22 junio, 2010

Nuevas estrategias en museos españoles

Aunque los presupuestos reales no se conocerán hasta después del verano, las medidas impulsadas por el gobierno de España para reducir el déficit público han modificado los planes de los grandes museos españoles.

La estimación general entre los responsables de museos habla de recortes presupuestarios de entre un 20 y un 30%, así que la consigna de ahorrar está en marcha. Los cócteles inaugurales se han acabado, y las ayudas de las empresas se admiten como sea: la tormenta va a dejar un nuevo modelo de exposición y, seguramente, de museo.

La tendencia es a la coproducción y a la itinerancia. Y, cuando es posible, aprovechar las propias colecciones de los museos.
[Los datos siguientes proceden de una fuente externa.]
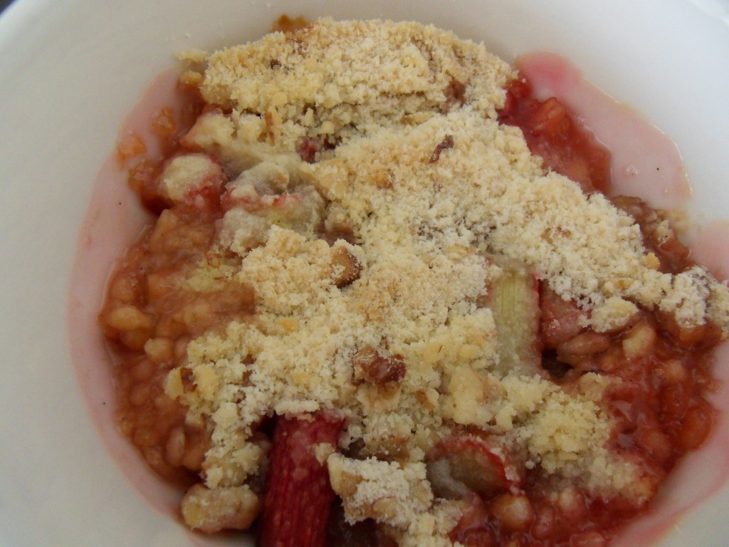 Ik had wat rabarber gekregen en heb hiervan een heerlijke rabarbercrumble gemaakt.

En el Museo del Prado, están revisando su plan de actuación 2009-2012. Aseguran que, en principio, el recorte no va a afectar sustancialmente al programa de exposiciones previsto. Hoy, la exposición más relevante del Prado es Turner y los maestros , con 80 obras que se contemplaron en la Tate Britain de Londres y en el Grand Palais de París. El recorte se ocupa de lo que se puede llamar gastos de producción: se reduce el número de préstamos, por el costo del transporte y del seguro, y se simplifican los desplazamientos de los conservadores responsables de las exposiciones.

Conscientes de que todo puede empeorar, la Fundación Thyssen se ha movido ya en la búsqueda de nuevos patrocinadores de forma que, para su exposición del verano, Ghirlandaio y el Renacimiento en Florencia ha conseguido la colaboración de Loterías del Estado.

En el Reina Sofía se espera una baja del 25%, que afectaría, en principio, a adquisiciones y exposiciones. La intención del director Borja-Villell es no cancelar nada, pero sí buscar formatos más baratos, aunque ello suponga reducir el número de piezas del proyecto.
Exposiciones más largas

José Guirao, director de La Casa Encendida, espera no tener que prescindir de nada de lo programado, pero si no hubiera más remedio, la tijera afectaría a los proyectos de carácter histórico, “nunca a los de los artistas jóvenes y emergentes”, dice.

En los museos catalanes, han optado por alargar el tiempo de las exposiciones que tienen en cartel a la espera de contar con cifras precisas. El presupuesto del museo ya sufrió un importante recorte este año: si en 2009 contó con 13,6 millones de euros, el de este año es de 12,7 millones, que podrían reducirse.